Questione di genere? No, di tempo

Questione di genere o questione di tempo? Sempre più la seconda. Quando parliamo di chief executive officer, al netto di progetti, strategie, piani e risultati, uno dei temi che si affaccerà, in prospettiva, è quello del genere. Per la società di head hunting Heidrick & Struggles «in Italia c’è una percentuale bassa di ceo donne che però risulta in linea con la media internazionale come emerge dal rapporto Route to the top 2020. Parliamo del 5% di ceo donne, quota in linea con quella che mediamente viene rilevata a livello internazionale».

Il managing director della società per l’Italia, Niccolò Calabresi, dice: «Personalmente mi aspettavo una quota più alta. C’è però uno spazio crescente che le donne si stanno conquistando in alcune funzioni come per esempio la comunicazione o le risorse umane. Sono percorsi su cui bisogna lavorare perché non sempre è da questi bacini che vengono scelti i capi azienda». Il bacino dove si scelgono i manager che arriveranno al vertice è infatti più quello del cfo o del coo. Oltre a quello degli stessi ceo.

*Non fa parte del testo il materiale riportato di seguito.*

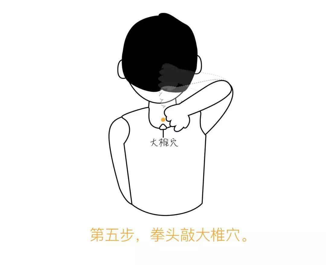 用拳头敲打背后的大椎穴——大概位于低头时颈后最突出的骨头下面。敲的时候力道可以适当重一点,感觉头有“嗡嗡”震动的感觉即可。

Nei percorsi non si può poi trascurare il fatto che «il ceo a sua volta cresce nelle funzioni che ritiene strategiche le persone a cui poi farà fare lo step up – interpreta Calabresi -. Il bacino degli n-1, ossia i primi riporti, le posizioni chiave, è più popolato da uomini. Scendendo aumenta la quota di donne. Ma è una questione di tempo. Oggi possiamo dire che le società quotate del Ftse Mib stiano affrontando il tema. Certamente va detto anche che il Ftse Mib è una nicchia. Il nostro tessuto economico, però, è fatto per lo più di piccole, medie e grandi imprese dove questo percorso non è stato fatto in modo così strutturale. Ma il tema è un tema da una decina di anni. Se prendiamo l’industria manifatturiera, 15 anni fa era difficilissimo trovare donne in posizioni apicali. È solo negli ultimi 10 anni che abbiamo visto le donne affermarsi».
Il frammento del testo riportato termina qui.